There are several reports indicating an anti-apoptosis effect from miRNAs. miR-124 was shown to ameliorate I/R-induced mouse AKI, where miR-124 mimics reduced endoplasmic reticulum stress (ERS)-mediated apoptosis [85]. In addition to the anti-apoptosis mechanism, miR-124 also inhibited necroptosis by targeting PARP1 in an I/R-induced mouse AKI model [86]. miR-489 also targeted PARP1, mediating an anti-apoptosis effect, and miR-489 mimics protected against I/R mouse AKI [73]. miR-17-5p mimics suppressed death receptor 6 (DR6), mediating anti-apoptosis in an I/R-induced mouse AKI model [87]. Likewise, miR-424 mimics inhibited its target gene DR6, mediating anti-apoptosis in an I/R-induced mouse AKI model [88]. A miR-5100 mimic injection into I/R-mice ameliorated kidney injury by inhibiting several apoptotic pathways [45]. miR-486-5p was shown to target PTEN, thereby mediating an anti-apoptosis effect in a mouse I/R-AKI model [89]. A miR-191-5p mimic injection could inhibit cell apoptosis by targeting Oxidative stress responsive 1 (OXSR1) [90]. miR-290-5p activated by propofol ameliorated a sepsis-induced mouse AKI model by targeting C-C motif chemokine ligand 2 (CCL2), thereby mediating an anti-apoptosis effect [91].

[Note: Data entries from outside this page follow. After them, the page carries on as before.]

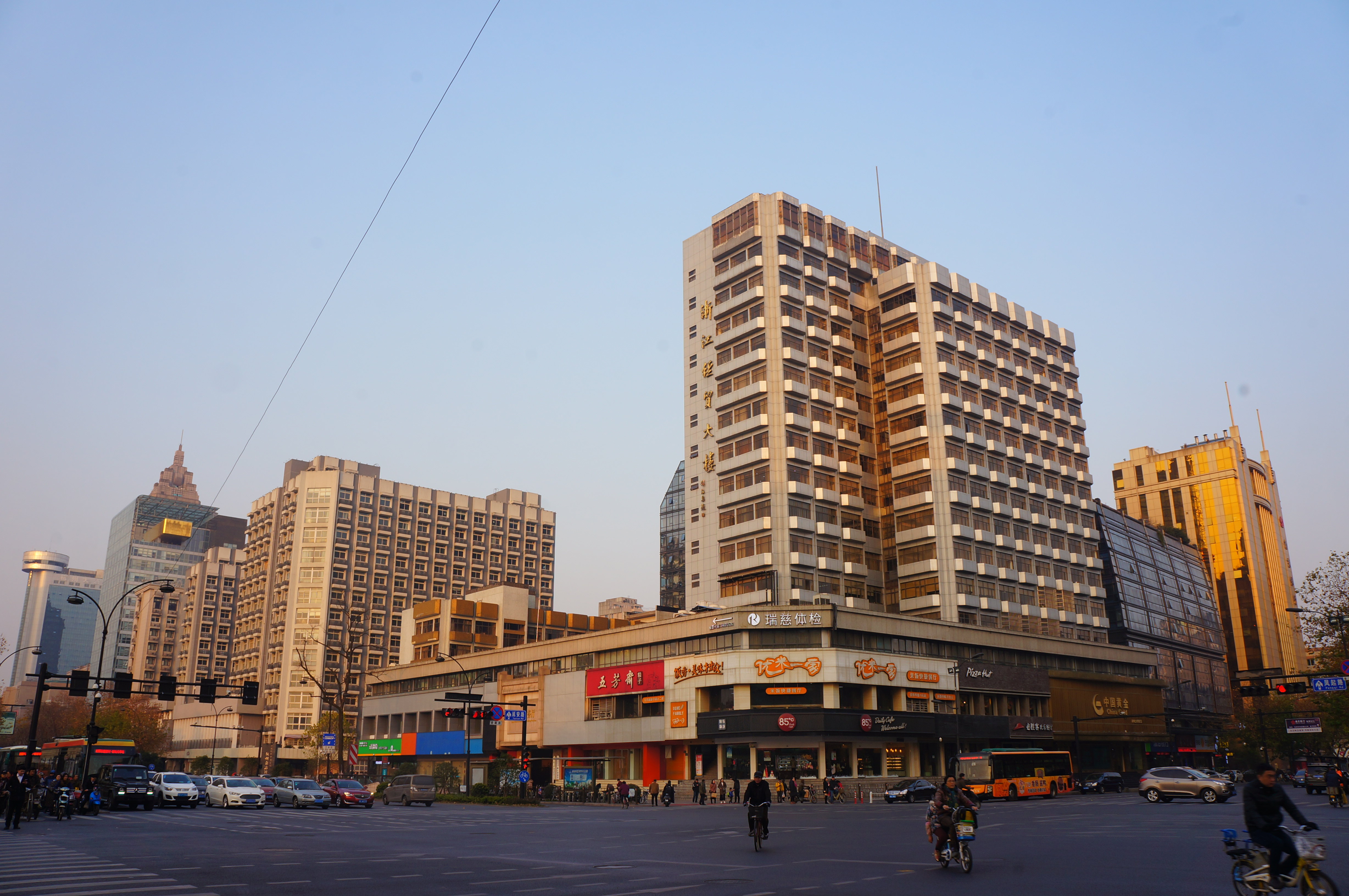 201712 HQ of Dep of Com of ZHJ Province
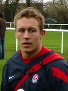 England Rugby Union Player Jonny Wilkinson
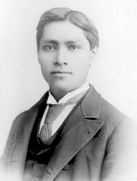 This image is cropped from w: File:Wassaja.jpg

In addition to the anti-apoptosis effect, an anti-inflammation effect by miRNAs has also been explored. miR-204/miR-211 mimics, targeting H6 Family Homeobox 1 (Hmx1), reduced kidney injury via immune suppression in candidemia-induced AKI mice [92]. A miR-195-5p mimic injection ameliorated rat I/R-AKI by targeting vascular endothelial growth factor A (VEGFA) via anti-inflammatory and anti-oxidative stress [93]. miR-140-5p up-regulation by apigenin ameliorated I/R-induced AKI mice through targeting Chemokine (C-X-C Motif) Ligand 12 (CXCL2), thereby reducing inflammation [94]. In addition, miR-140-5p was shown to activate nuclear factor erythroid 2-related factor (Nrf2) pathway, thereby mediating anti-oxidative stress in cisplatin-induced AKI mice [95]. miR-27a targeting Toll-like receptor 4 (TLR4) inhibited inflammation in I/R-induced AKI [96]. In addition, overexpression of LINC00520, targeting miR-27b-3p, activated Oncostatin M Receptor (OSMR), leading to the PI3K/AKT pathway to aggravate kidney injury in I/R-induced AKI. In contrast, up-regulation of miR-27b-3p could accelerate recovery from AKI [97]. miR-146a-5p derived from human urine-derived stem cells protected against rat I/R-induced AKI by targeting interleukin 1 receptor associated kinase 1 (IRAK1), thereby inhibiting NF-κB signaling and infiltration of inflammatory cells [98]. Mice lacking miR-146 showed more extensive tubular injury, inflammatory infiltrates, and fibrosis than wild-type mice after I/R-induced AKI [99]. Furthermore, the renoprotective effect of miRNAs involves vascular, mitochondrial, and podocyte protection. miR-210 was shown to activate VEGF signaling to regulate angiogenesis in I/R-induced AKI mice [100]. Overexpression of miR-126 in the hematopoietic compartment promoted vascular integrity and supported the recovery of kidney injury after I/R-induced AKI mice [101]. miR-668 was shown to target mitochondrial protein 18 kDa (MTP18) to preserve mitochondrial dynamics and tubular cell survival in I/R-AKI mice [72]. A miR-187 agomir injection in I/R protected against I/R-induced AKI and mediated podocyte protection, evaluated by nephrin expression by targeting acetylcholinesterase (AChE) [102].
There are several reports indicating MSC-related miRNAs as providing renoprotection via anti-apoptosis. MSC-derived exosome containing miR-199a-3p targeted semaphorin3A (SEMA3A), leading to the AKT and Extracellular signal-regulated kinase (ERK) pathway activation and ameliorated apoptosis [103]. Bone-marrow-derived MSCs ameliorated I/R-induced mouse AKI via miR-223, targeting NLR family pyrin domain containing 3 (NLRP3), thereby inhibiting apoptosis [104]. Bone-marrow-derived MSCs ameliorated cisplatin-induced AKI by inhibiting fibrosis through the regulation of miR-146a-5p and its target transcription Factor Dp-2 (Tfdp2) [105].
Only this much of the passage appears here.